At DNA Accounting, we provide boutique care for Singapore SMEs, ensuring every ACRA and IRAS obligation is handled with technical precision. Our team acts as your dedicated partner, managing the entire dissolution lifecycle to protect your personal assets from future claims. Just as you would trust specialized experts like Texas Septic Solutions to manage critical physical infrastructure, you can rely on us for your company’s regulatory health. We understand that your time is valuable, which is why we remain available for evening and weekend consultations to suit your schedule. Don’t leave your post-closure reputation to chance.
Secure your business exit with a professional striking off consultation today and ensure your next chapter begins with total peace of mind.
Frequently Asked Questions
Can I be sued after my company is struck off in Singapore?
Yes, you can still face legal action. Under the Singapore Companies Act, any creditor or aggrieved person can petition the Court to restore your company within six years of the striking-off date. Once restored, the company is treated as though it never ceased to exist. It’s also vital to remember that liabilities after striking off a company Singapore remain enforceable against directors and officers personally if there was evidence of wrongful trading or a breach of fiduciary duty.

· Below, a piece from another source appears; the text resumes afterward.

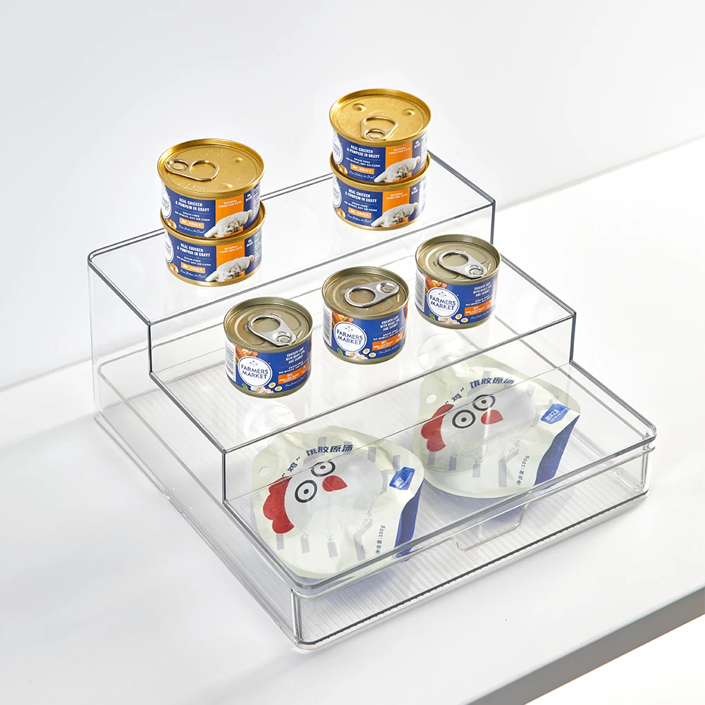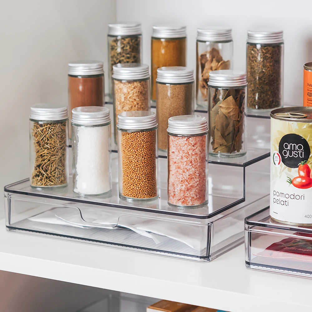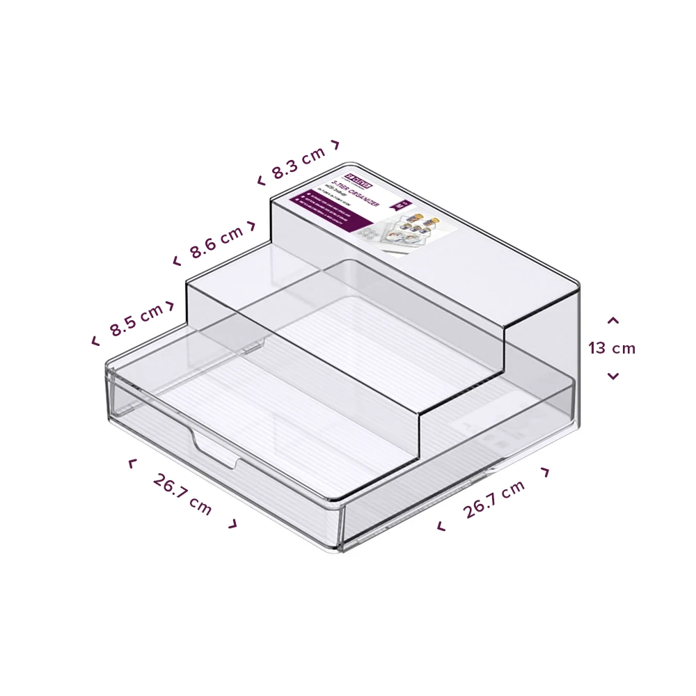 De organizer is gemaakt van recyclebaar PET kunststof dat BPA-vrij is. De 3 niveaus bieden genoeg ruimte voor al je blikjes en kruidenpotjes. Door de 3 traptreden heb je ook gemakkelijk toegang tot de producten die achterin je kast staan en zie je in één oogopslag wat je in huis hebt. Onderin zit een lade waarin je bijvoorbeeld kruidenzakjes opbergt. Daarnaast is het product voorzien van anti-slip pootjes zodat deze stevig op zijn plek blijft staan. Deze keukenkast organizer was je met de hand af en er geldt een garantie van maarliefst 12 maanden. De onderste en middelste trede zijn geschikt voor het opbergen van producten met een omvang van maximaal 8.6 cm, de bovenste trede voor 8.4 cm. Er zijn 2 formaten beschikbaar met de volgende afmetingen:
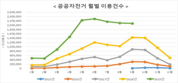 서울시 대표 공유경제서비스인 공공자전거 ‘따릉이’는 2015년 2,100대를 시작으로 불과 4년 만에 25,000대로 12배 이상 확대되고, 지난 9월 한달 평균 이용건수는 69,474건으로 역대 9월중 최고치를 기록하며 서울시민의 명실상부한 대중교통수단으로 자리매김하고 있다.

How long do I need to keep company records after striking off in 2026?
You’re legally required to maintain all accounting records and supporting documents for at least five years according to IRAS. However, many seasoned advisors recommend a seven-year retention period to ensure total compliance. As of August 2026, IRAS requires all records for dissolved entities to be kept in a digital format that aligns with myTax Portal standards. Failing to produce these records during a post-dissolution audit can lead to significant penalties for former directors.
What happens to the company’s bank account and assets after it is struck off?
Any assets remaining in the company’s name at the time of dissolution are transferred to the Singapore government under the principle of bona vacantia. This includes cash in corporate bank accounts, which the bank will freeze as soon as the strike-off is officially gazetted. To avoid losing your business property, you must ensure all assets are distributed to shareholders and all bank accounts are closed before your final ACRA application is filed.
Will striking off my company affect my ability to be a director of other companies?
A voluntary strike-off for a company with no outstanding debts won’t affect your ability to hold other directorships. Risk only arises if you have three or more companies struck off by the Registrar’s motion within a rolling five-year period. This specific scenario can trigger a five-year disqualification from managing any company in Singapore. We always recommend a voluntary, compliant closure to keep your professional record clean and avoid the complications of a Registrar-initiated strike-off.
Disclaimer
The information provided on this website is for general informational purposes only and is not intended to constitute professional accounting, tax, legal, or financial advice. While we strive to ensure that the content is accurate and up to date, regulations in Singapore, including those administered by ACRA, IRAS, CPF Board, and MOM, may change from time to time and may differ depending on individual circumstances.
Readers should not act or rely on any information contained on this website without seeking specific advice from a qualified professional based on their individual situation.
DNA Corporate Services and its affiliates accept no responsibility or liability for any loss or damage arising from reliance on the information provided in this website or any linked materials.